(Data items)

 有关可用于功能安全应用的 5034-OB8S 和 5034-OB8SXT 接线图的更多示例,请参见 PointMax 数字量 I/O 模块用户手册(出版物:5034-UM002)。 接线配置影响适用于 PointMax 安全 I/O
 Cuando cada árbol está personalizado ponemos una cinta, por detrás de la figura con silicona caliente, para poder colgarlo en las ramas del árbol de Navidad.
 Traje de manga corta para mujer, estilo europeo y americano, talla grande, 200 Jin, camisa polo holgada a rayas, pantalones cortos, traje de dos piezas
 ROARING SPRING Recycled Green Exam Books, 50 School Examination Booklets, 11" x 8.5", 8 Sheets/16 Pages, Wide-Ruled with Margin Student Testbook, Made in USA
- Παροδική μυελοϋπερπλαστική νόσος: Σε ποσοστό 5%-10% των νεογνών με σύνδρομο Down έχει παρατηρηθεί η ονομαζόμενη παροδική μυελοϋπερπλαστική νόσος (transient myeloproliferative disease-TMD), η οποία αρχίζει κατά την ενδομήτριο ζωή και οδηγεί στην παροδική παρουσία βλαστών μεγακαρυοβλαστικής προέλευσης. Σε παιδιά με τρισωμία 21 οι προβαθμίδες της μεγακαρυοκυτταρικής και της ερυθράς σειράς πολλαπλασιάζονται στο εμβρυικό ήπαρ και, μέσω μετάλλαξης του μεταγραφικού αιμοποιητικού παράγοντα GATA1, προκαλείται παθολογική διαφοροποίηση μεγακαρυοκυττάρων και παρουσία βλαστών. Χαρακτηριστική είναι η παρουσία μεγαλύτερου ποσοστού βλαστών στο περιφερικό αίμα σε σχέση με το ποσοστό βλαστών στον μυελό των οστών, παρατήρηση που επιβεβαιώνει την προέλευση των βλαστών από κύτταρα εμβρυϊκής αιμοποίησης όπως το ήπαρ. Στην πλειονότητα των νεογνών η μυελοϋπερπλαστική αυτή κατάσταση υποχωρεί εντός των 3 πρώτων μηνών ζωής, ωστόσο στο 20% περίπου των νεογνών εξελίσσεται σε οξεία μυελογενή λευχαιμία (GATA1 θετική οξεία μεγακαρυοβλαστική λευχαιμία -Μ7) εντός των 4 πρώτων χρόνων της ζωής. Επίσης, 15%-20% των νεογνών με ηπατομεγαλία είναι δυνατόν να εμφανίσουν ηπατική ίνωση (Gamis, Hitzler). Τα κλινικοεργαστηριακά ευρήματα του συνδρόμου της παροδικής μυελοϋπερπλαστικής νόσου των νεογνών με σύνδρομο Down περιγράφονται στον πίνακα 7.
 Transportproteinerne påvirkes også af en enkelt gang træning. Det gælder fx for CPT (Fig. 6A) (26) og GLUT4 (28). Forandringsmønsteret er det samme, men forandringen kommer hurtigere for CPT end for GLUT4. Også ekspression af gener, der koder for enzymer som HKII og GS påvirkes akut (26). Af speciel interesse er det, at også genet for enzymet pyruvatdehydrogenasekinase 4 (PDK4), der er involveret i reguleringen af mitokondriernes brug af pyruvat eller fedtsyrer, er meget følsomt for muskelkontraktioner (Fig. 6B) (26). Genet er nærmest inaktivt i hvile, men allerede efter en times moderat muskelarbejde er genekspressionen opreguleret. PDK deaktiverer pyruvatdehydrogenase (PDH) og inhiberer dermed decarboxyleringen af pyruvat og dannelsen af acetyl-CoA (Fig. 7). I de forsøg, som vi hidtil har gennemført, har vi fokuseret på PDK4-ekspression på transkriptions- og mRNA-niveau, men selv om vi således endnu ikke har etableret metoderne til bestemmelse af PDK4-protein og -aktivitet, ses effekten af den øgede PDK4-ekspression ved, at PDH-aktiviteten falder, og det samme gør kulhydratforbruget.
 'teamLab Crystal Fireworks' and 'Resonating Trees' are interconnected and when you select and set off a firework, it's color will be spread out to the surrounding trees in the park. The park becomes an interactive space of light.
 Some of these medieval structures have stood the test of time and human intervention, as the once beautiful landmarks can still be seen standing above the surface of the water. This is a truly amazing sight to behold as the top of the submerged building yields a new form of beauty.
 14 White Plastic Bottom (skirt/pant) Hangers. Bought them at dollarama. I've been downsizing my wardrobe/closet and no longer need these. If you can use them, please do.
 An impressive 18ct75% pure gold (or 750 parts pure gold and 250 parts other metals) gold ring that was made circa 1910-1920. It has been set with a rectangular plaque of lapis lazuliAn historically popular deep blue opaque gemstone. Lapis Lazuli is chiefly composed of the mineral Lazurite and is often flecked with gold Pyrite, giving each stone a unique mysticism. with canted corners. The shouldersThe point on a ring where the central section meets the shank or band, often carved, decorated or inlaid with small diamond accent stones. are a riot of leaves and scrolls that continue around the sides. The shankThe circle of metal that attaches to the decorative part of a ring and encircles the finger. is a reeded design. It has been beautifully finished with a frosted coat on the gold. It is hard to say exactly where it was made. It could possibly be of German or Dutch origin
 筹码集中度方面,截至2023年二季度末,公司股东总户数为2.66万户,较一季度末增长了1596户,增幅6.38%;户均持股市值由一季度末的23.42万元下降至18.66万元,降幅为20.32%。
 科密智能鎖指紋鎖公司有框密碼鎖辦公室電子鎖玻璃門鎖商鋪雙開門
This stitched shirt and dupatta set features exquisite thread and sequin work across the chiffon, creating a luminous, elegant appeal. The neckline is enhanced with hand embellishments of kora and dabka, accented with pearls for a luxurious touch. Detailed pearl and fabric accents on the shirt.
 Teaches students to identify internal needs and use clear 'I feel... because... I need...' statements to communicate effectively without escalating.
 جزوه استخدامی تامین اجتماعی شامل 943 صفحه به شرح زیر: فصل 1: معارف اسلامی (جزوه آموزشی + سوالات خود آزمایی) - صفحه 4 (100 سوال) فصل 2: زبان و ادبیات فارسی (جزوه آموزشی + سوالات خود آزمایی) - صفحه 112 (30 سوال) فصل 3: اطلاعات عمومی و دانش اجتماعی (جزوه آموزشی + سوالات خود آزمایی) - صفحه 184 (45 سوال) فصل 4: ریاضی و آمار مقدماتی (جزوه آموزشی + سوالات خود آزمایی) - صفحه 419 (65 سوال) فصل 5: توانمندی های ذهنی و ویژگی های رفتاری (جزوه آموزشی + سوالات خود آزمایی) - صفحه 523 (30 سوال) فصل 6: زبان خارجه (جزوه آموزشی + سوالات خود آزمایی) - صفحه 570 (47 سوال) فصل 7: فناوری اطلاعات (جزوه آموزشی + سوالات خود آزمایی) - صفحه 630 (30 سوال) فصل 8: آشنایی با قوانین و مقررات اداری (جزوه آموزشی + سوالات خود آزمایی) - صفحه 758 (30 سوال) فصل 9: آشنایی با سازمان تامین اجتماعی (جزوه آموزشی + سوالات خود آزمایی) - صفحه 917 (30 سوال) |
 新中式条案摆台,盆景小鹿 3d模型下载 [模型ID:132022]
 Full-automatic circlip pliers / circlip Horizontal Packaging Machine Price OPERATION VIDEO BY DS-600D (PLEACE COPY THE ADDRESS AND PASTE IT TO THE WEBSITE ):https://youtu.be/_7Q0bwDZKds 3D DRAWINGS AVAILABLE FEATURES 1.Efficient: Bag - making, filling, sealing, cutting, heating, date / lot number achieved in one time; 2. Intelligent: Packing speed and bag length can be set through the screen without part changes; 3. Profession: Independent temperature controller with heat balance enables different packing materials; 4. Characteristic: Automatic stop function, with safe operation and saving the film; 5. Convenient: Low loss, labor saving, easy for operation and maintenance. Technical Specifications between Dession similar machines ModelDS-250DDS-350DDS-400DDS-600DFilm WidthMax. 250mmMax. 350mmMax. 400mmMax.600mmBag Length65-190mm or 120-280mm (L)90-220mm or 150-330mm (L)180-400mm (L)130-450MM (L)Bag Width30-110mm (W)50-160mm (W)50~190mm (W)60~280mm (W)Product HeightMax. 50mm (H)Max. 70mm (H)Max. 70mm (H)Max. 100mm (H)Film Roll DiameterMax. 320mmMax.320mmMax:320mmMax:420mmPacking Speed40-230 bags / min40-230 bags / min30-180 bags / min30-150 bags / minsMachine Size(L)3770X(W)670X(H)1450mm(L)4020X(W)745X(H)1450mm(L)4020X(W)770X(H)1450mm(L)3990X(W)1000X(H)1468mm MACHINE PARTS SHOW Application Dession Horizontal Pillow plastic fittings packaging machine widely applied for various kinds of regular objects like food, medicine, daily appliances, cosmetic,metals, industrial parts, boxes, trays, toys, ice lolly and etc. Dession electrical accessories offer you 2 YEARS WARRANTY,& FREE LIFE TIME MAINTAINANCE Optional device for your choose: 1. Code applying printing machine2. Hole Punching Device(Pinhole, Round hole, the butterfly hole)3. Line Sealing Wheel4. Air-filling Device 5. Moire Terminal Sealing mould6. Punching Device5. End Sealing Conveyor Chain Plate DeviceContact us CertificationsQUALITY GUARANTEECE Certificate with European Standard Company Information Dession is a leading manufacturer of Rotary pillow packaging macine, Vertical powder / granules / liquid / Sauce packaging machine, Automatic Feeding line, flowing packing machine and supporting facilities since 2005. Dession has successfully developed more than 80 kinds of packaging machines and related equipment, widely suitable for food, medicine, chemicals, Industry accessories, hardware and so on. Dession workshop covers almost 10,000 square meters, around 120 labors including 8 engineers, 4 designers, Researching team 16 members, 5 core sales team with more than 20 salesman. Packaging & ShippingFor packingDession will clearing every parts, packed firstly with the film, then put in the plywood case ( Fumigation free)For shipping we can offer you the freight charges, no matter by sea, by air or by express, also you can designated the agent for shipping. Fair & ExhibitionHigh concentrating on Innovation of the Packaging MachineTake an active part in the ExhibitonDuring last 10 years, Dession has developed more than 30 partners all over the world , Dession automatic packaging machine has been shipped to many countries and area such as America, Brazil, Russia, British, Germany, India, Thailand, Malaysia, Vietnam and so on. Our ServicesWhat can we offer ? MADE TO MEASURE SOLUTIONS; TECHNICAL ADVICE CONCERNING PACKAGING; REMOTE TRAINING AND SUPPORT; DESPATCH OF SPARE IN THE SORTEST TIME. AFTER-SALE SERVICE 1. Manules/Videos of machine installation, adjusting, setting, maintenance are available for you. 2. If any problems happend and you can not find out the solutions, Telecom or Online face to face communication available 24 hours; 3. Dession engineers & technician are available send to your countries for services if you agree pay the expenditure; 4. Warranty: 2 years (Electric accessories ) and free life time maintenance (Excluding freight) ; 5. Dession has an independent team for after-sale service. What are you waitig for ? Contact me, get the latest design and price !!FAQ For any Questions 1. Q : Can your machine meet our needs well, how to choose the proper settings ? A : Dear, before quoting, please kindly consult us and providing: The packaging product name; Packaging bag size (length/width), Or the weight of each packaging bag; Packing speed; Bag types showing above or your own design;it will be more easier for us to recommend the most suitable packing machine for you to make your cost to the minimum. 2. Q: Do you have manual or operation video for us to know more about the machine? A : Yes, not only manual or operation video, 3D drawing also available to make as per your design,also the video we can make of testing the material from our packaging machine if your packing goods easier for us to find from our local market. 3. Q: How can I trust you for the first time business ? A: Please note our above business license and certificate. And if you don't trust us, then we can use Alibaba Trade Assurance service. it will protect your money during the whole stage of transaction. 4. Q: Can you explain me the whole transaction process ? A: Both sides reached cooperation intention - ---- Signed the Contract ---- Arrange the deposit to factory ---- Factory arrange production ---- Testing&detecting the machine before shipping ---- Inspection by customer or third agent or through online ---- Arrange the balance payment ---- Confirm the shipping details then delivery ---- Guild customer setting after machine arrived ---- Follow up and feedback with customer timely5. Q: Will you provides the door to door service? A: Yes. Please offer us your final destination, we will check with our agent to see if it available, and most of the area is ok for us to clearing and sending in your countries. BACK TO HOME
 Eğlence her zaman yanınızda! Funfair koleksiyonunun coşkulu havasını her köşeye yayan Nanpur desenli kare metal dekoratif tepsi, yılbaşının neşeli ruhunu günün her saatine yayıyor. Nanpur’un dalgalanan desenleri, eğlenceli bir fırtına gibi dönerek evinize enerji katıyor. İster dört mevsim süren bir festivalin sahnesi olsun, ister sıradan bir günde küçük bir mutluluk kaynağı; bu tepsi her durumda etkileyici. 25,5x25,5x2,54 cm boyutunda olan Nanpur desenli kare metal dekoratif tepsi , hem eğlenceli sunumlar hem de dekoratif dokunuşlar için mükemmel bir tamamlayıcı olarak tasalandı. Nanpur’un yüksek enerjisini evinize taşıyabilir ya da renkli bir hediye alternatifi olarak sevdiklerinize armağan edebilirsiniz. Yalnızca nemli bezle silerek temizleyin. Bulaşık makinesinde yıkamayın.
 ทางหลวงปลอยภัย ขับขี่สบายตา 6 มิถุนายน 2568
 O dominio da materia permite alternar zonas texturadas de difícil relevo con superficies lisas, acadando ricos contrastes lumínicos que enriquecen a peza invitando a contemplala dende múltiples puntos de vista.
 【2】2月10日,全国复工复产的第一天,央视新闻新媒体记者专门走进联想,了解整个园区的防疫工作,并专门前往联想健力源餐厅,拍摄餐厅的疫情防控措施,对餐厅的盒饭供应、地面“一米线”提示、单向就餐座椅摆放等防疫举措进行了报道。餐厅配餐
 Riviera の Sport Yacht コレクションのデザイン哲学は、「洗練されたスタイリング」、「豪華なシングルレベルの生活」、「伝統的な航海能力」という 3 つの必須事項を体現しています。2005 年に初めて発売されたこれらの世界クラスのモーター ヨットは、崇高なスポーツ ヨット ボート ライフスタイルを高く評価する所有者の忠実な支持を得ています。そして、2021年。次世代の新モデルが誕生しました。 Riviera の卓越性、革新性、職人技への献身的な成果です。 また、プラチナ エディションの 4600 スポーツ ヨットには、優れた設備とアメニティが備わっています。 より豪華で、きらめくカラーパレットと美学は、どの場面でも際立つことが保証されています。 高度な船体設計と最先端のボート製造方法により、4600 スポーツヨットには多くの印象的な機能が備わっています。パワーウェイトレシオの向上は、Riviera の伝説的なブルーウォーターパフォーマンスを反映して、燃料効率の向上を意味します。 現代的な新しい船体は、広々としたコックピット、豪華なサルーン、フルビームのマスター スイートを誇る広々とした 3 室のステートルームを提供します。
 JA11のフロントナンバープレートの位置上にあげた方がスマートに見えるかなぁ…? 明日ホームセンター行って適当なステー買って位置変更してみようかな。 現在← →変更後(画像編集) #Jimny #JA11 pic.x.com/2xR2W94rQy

INSTRUCTIONS FOR THE TASK. Look through the entries above and quote exactly the lines from the line with "筹码集中度方面,截至2023" to the line with "新中式条案摆台,盆景小鹿 3d模型下载 [模型ID:132022]", counting both of those lines.

WORKED SOLUTION.
 筹码集中度方面,截至2023年二季度末,公司股东总户数为2.66万户,较一季度末增长了1596户,增幅6.38%;户均持股市值由一季度末的23.42万元下降至18.66万元,降幅为20.32%。
 科密智能鎖指紋鎖公司有框密碼鎖辦公室電子鎖玻璃門鎖商鋪雙開門
This stitched shirt and dupatta set features exquisite thread and sequin work across the chiffon, creating a luminous, elegant appeal. The neckline is enhanced with hand embellishments of kora and dabka, accented with pearls for a luxurious touch. Detailed pearl and fabric accents on the shirt.
 Teaches students to identify internal needs and use clear 'I feel... because... I need...' statements to communicate effectively without escalating.
 جزوه استخدامی تامین اجتماعی شامل 943 صفحه به شرح زیر: فصل 1: معارف اسلامی (جزوه آموزشی + سوالات خود آزمایی) - صفحه 4 (100 سوال) فصل 2: زبان و ادبیات فارسی (جزوه آموزشی + سوالات خود آزمایی) - صفحه 112 (30 سوال) فصل 3: اطلاعات عمومی و دانش اجتماعی (جزوه آموزشی + سوالات خود آزمایی) - صفحه 184 (45 سوال) فصل 4: ریاضی و آمار مقدماتی (جزوه آموزشی + سوالات خود آزمایی) - صفحه 419 (65 سوال) فصل 5: توانمندی های ذهنی و ویژگی های رفتاری (جزوه آموزشی + سوالات خود آزمایی) - صفحه 523 (30 سوال) فصل 6: زبان خارجه (جزوه آموزشی + سوالات خود آزمایی) - صفحه 570 (47 سوال) فصل 7: فناوری اطلاعات (جزوه آموزشی + سوالات خود آزمایی) - صفحه 630 (30 سوال) فصل 8: آشنایی با قوانین و مقررات اداری (جزوه آموزشی + سوالات خود آزمایی) - صفحه 758 (30 سوال) فصل 9: آشنایی با سازمان تامین اجتماعی (جزوه آموزشی + سوالات خود آزمایی) - صفحه 917 (30 سوال) |
 新中式条案摆台,盆景小鹿 3d模型下载 [模型ID:132022]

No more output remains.